The days following the procedure I had pain and the doctors were afraid I would contract pancreatitis. I vomited a few times, but on the whole, it really wasn’t too bad. Then Monday swings around, which was the 1st of August and only a few days before the anniversary of my transplant. I lost it. Nothing seemed to go right and I had no internal resources to be able to handle it. First, there was a miscommunication about a doctor’s appointment I had scheduled for Monday morning, and I couldn’t get through to the secretary for 40 minutes. Once that all went awry, I couldn’t find the wherewithal to start my day or make a plan (what plan would I make?) or do anything. I was essentially catatonic. I tried to will myself to move from the sofa in the apartment I was staying in, but I just sat there. I blamed it on what the withdrawal from 3 days of pain medication can do to you psychologically and chemically. I blamed it on anaesthesia. I blamed it on the fear of having contracted an infection whilst in hospital (for a short 10 hours). I felt like my time as a patient was never-ending and I had no choice but to keep going.

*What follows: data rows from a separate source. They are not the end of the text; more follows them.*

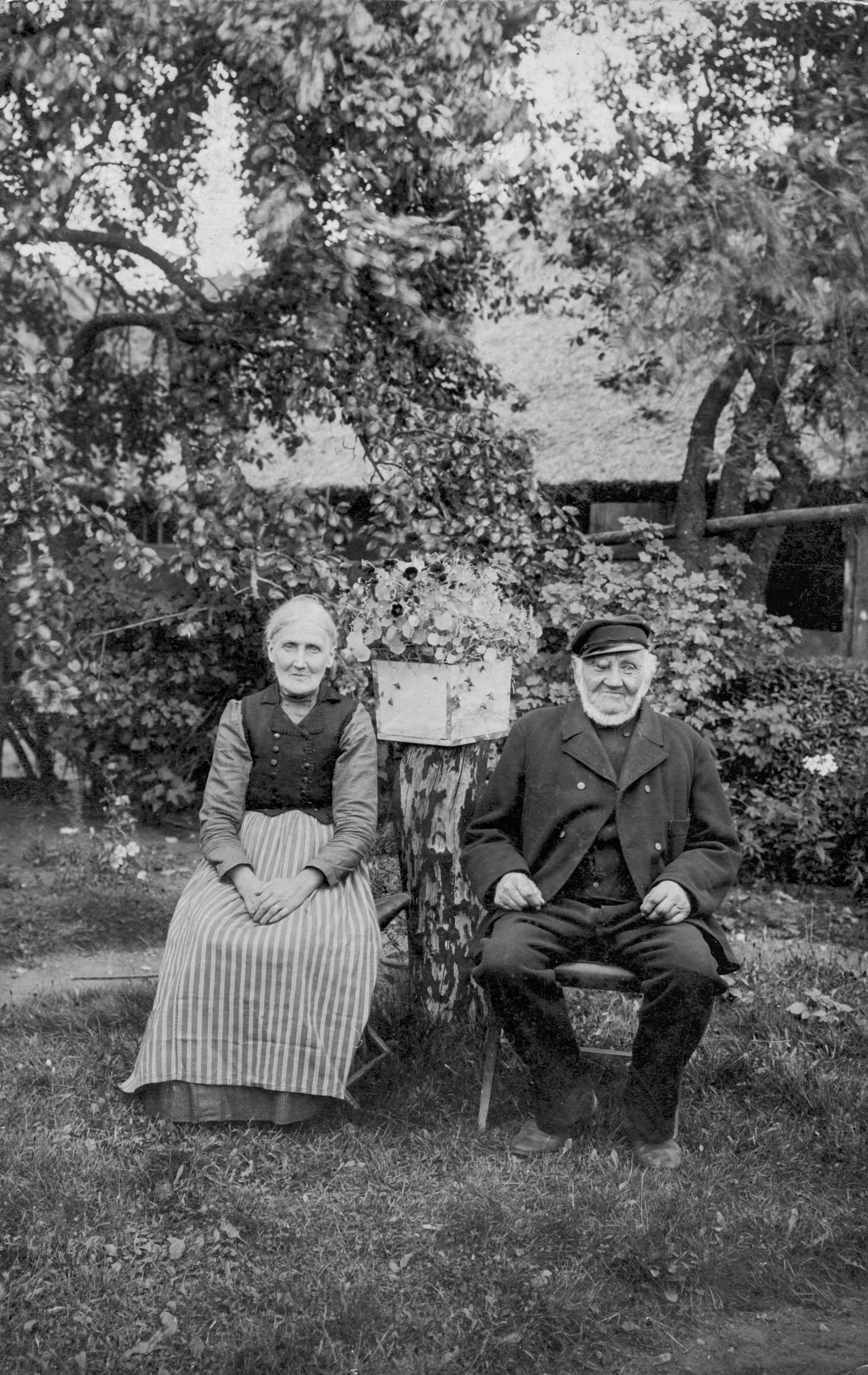 Ett äldre par, en kvinna och en man, sittande i en trädgård framför ett hus. Skättilljunga.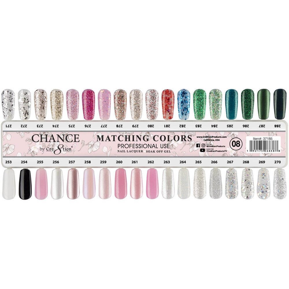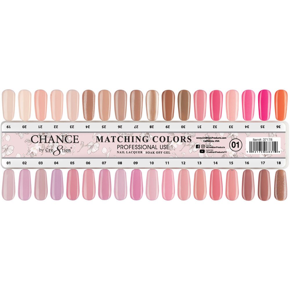 Chance Duo Soak Off Gel Polish + Nail Lacquer - 0.5 oz. Each / #018 by Cre8tion by Cre8tion. Chance Duo Gel & Nail Lacquer / Gel & Nail Lacquer .5 oz. each. Available 288 colors.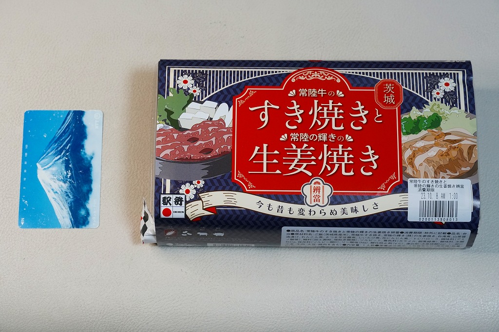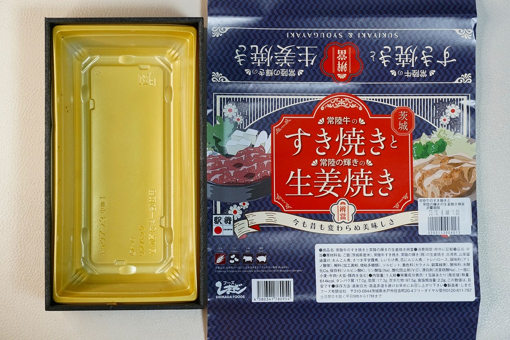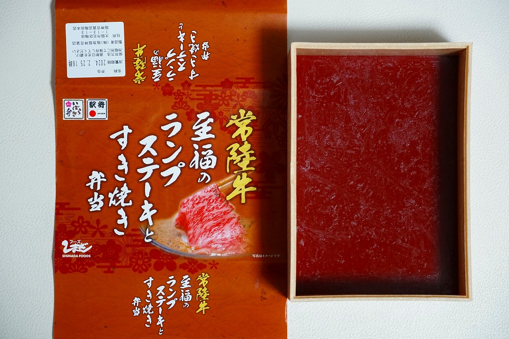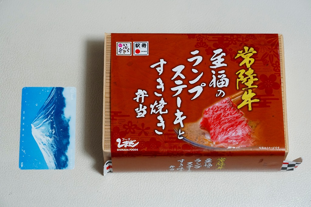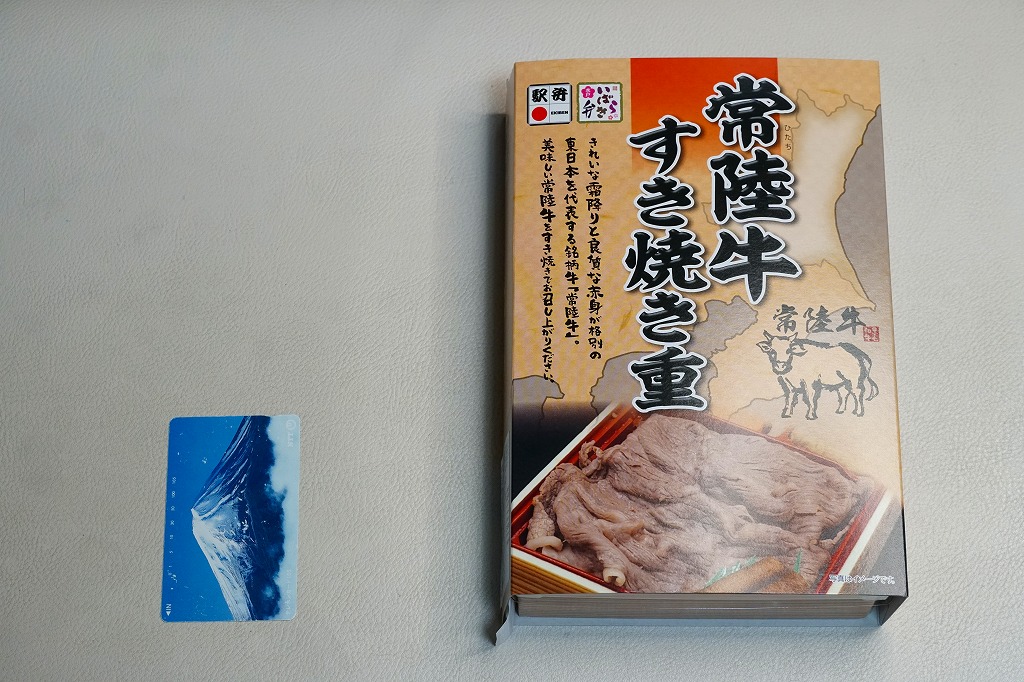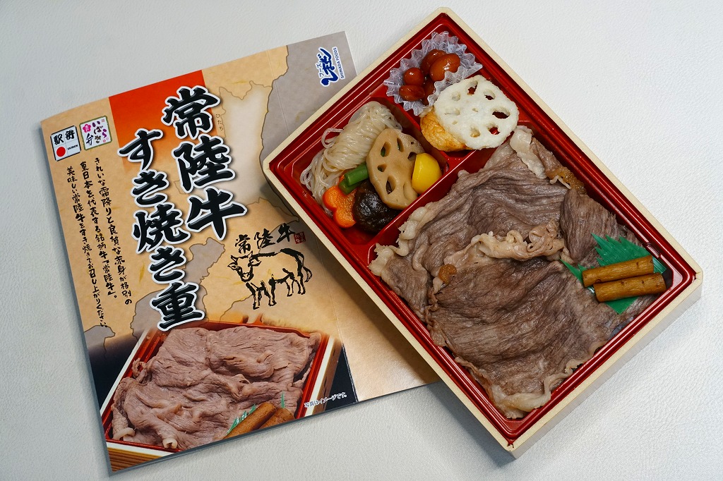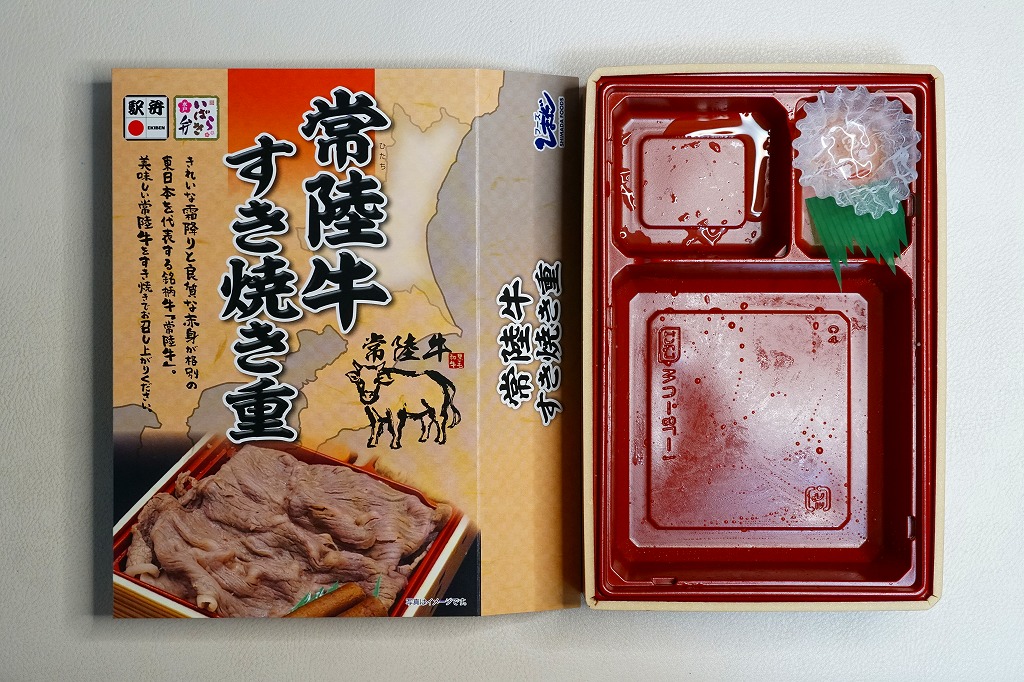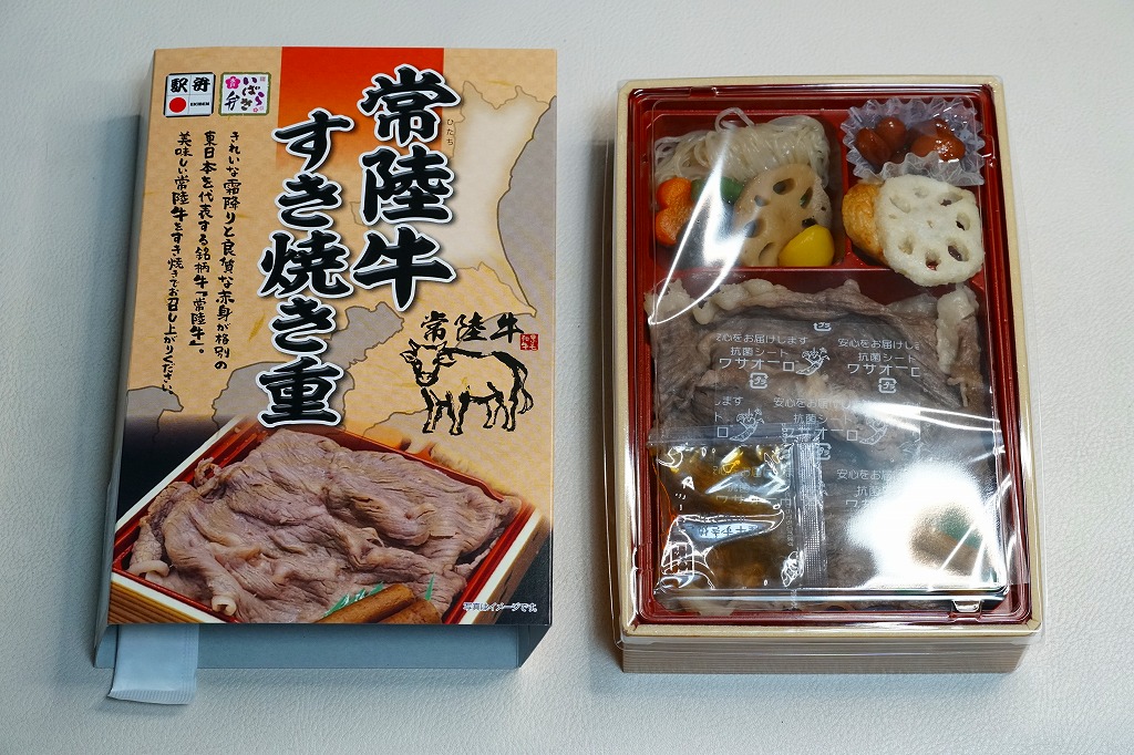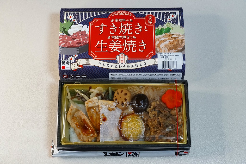 長方形のプラ容器に白飯を詰め、牛肉のすき焼きと豚肉の生姜焼きを載せ、山菜やさつまいもなどを添える。御飯は茨城県産米、牛肉は茨城県常陸牛振興協会が認定した黒毛和牛「常陸牛」、豚肉は茨城県畜産センターが開発し2018年から販売されるブランド豚「常陸の輝き」と、食材の大部分を茨城で固めたものの、いずれも一般的な食材であり、弁当にすると味の差もないので、掛紙の小さな文字を読まないと気付かないと思う。キャンペーンや現地での存在感はいかに。価格は2023年時点で1,380円、2025年時点で1,390円。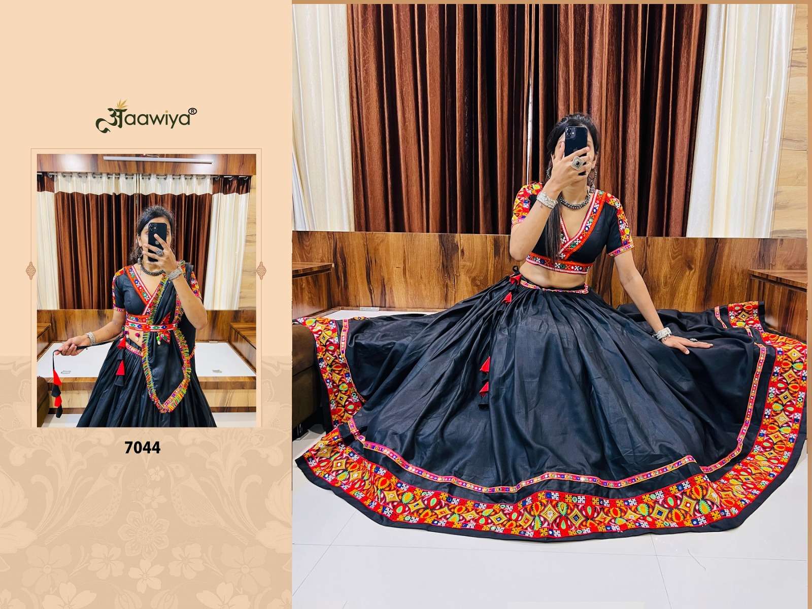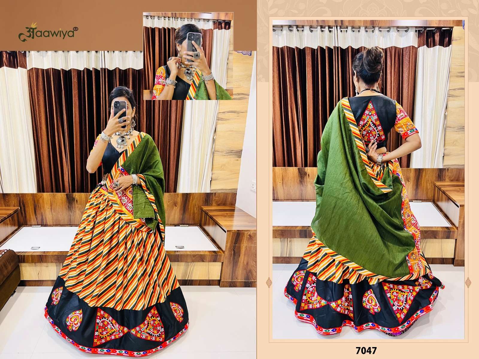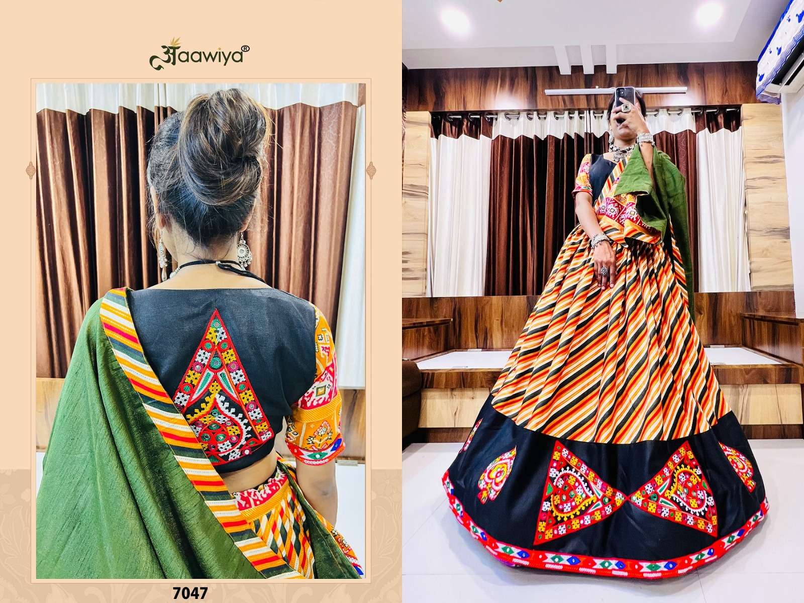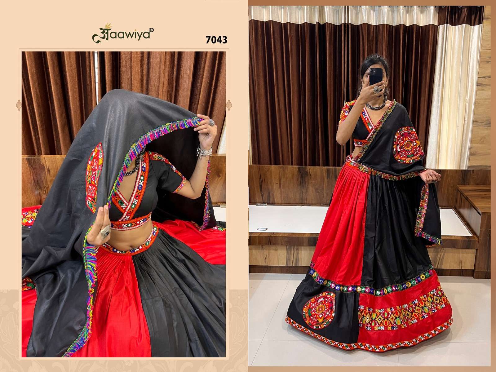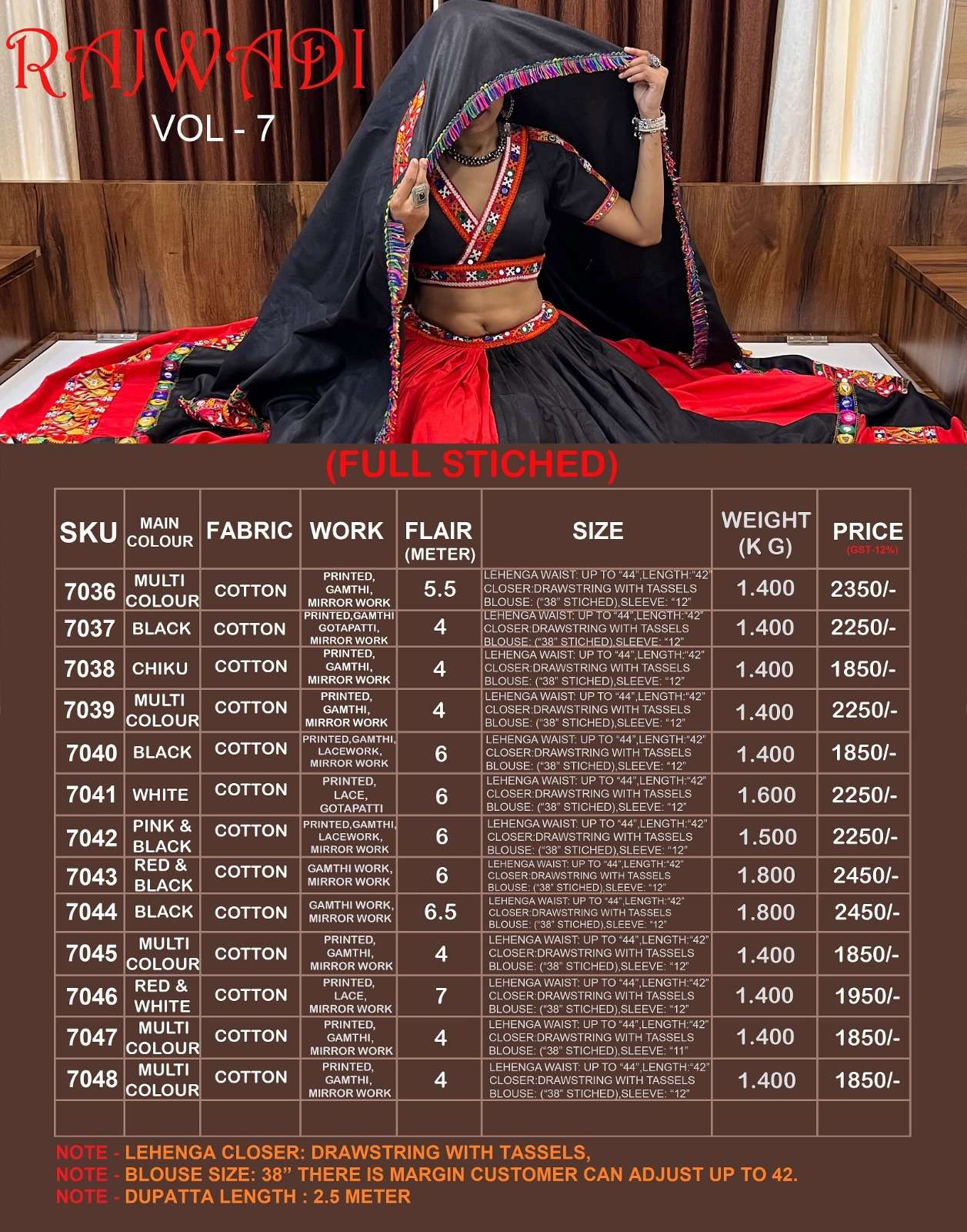 AAWIYA NAVRATRI SPECIAL TRADITIONAL CHANIYA CHOLI COLLECTION 2023 🥁🥢🥢 RAJWADI VOL -7 💐 ORIGINAL PRODUCT 💐 DESIGN NO. 7036 – 2350/- (5.5MTR FLAIR) GST EXTRA 12% LEHENGA: (STITCHED) BLOUSE: (STITCHED) DUPATTA PACKAGE CONTAIN: LEHENGA, BLOUSE, DUPATTA |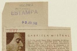 Gabriela Mistral. [artículo] Estampa (Revista)-- jun. 3, 1946, p. s/p. .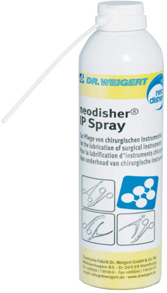 Orvosi tisztaságú fehérolaj alapú műszerápoló spray. A csuklós műszerek gépi előkészítés utáni célzott kézi ápolására. Nem okoz lerakódásokat, és nem befolyásolja a sterilizálást. Dr. Weigert neodisher IP Spray – Az Ön műszerei tökéletes ápolásáért A Dr. Weigert neodisher IP Spray egy speciálisan kifejlesztett, orvosi tisztaságú fehérolaj alapú műszerápol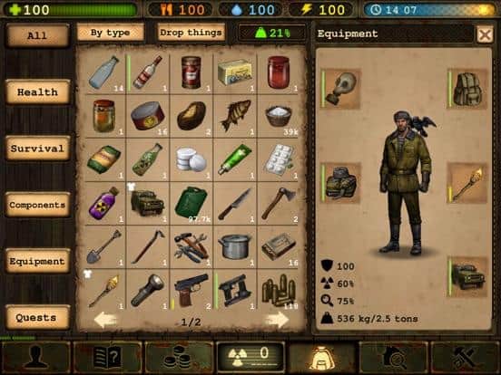 watch the exciting game for IOS where you will survive in a post nuclear apocalyptic world. This game will take you back in time to 1985, where the USSR was attacked by an invisible enemy and in a matter of days, destroyed the whole country by detonating a nuclear weapon. You are one of the few survivors after a terrible war and now you have to survive in this dangerous and broken world. The streets of many devastated towns wandering monsters and mutants and bandits who are greater danger. You will also be weary of illness, hunger, exhaustion and injuries. Explore the numerous wasteland and get a weapon and food. Try to survive in a race against death and not allow it to defeat you.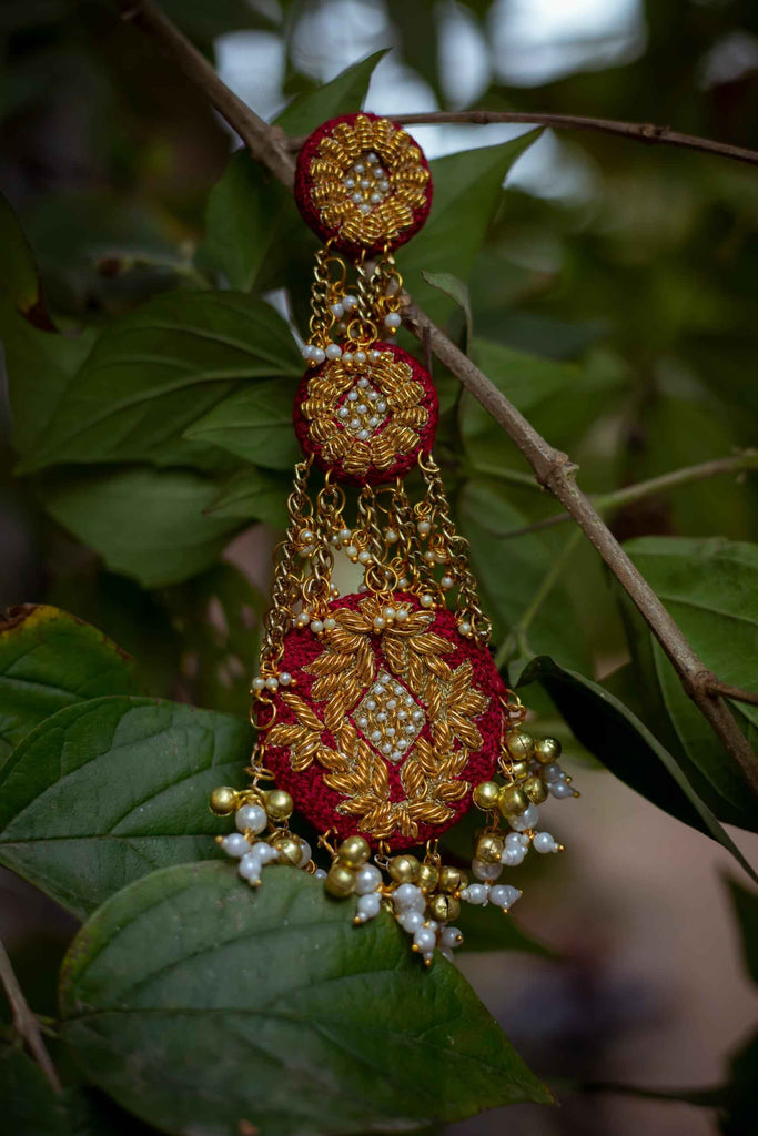 Each piece is meticulously crafted using intricate hand embroidery techniques on a textile base.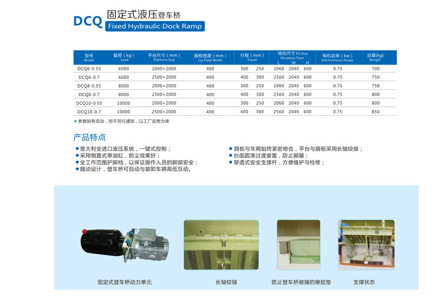 特点:固定登车桥与移动式登车桥功能上基本相同, 前者固定于月台边缘,利用电动液压装置调节平台高度与卡车搭接. 后者用于平地上装卸卡车货物,且动力为手动液压装置.
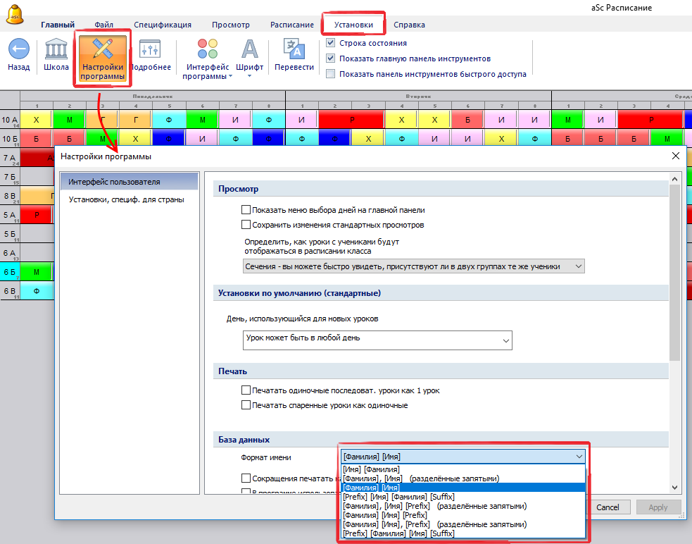 Чтобы это исправить, необходимо настроить формат имен в программе aSc Расписания. Вы можете сделать это в меню "Установки", "Настройка программы", "Интерфейс пользователя", "База данных", формат имени и фамилии.

I didn’t feel well the following Monday, and I couldn’t eat much. The tricky thing was: it didn’t feel like I got the stents out and lickety-split I returned to my former self. The girl whose biggest concern was that she wished she ate less cheese and wondered why she loved chocolate so much and how come croissants aren’t even that good at Pret-a-Manger but I kept eating them as a snack twice a day. I was still Nora on the mend. This version of me still felt like food didn’t sit well most of the time, and so I didn’t feel well, most of the time. I thought I was a good actress, though in retrospect it was clear to everyone around me when I felt sick. I would attempt to ignore it until it got into vomit territory. I also can’t think of anything more boring than someone constantly going on about how they feel sick, and as you can see: I already do enough of that in general, so if it was bearable, I tried to downplay it. If the all-girls school I went to as a child in London taught me anything, it was not to moan when unnecessary…or moan ever. Upon further reflection they had truly antiquated traditions like curtsying to the deputy headmistress every morning and singing hymns and getting detention marks if you forgot your velvet beret at home, so not the best gauge of how to conduct oneself in the world. I can’t deny that the week before my anniversary started out badly because I was coming off of an imbalance in my system. But more than that, I had all these flashbacks and nightmares and night sweats and terrifying thoughts. My trauma was manifesting.

That week will always be slightly fraught for me and has been since because it was That Time I Nearly Died and lived to tell the tale. Sure, it was lucky I lived, for a whole host of other reasons. Reasons like having an abundance of family, friends, doctors, nurses, hospital janitors, strangers on the internet, strangers on the street and little angels everywhere who had my back and sent me love from day dot.

That first anniversary though, which falls yearly on 7th of August, I really didn’t feel like living every day. I didn’t know if it was worth it. Those are feelings I still sometimes feel, though a lot of therapy in the interim has helped me be in a healthy relationship with that feeling rather than feel shame about it. At that time, too, I could clearly see the beauty of time spent on earth and people in community and finding your soul purpose, whatever it may be. For me, it was always both/and.

We live in a fraught time, in a time full of hate and fear: of xenophobia, racism, and massive chasms in society. It feels like it gets worse every day. I wrote myself a vow on that first anniversary that still holds true, almost six years on:

May I shed the fear I feel for myself

May I shed the fear I now carry of the outside world

May I carry on if only to have peace of mind, but also to hopefully ease fear and provide comfort for others.

It’s a good reminder of what has changed and what hasn’t. It’s a good reminder to carry on no matter what because things can and do improve. Some things still hurt exactly the same, and some pains have been alleviated. And on the cycle of living continues, whether you’re a liver patient or not.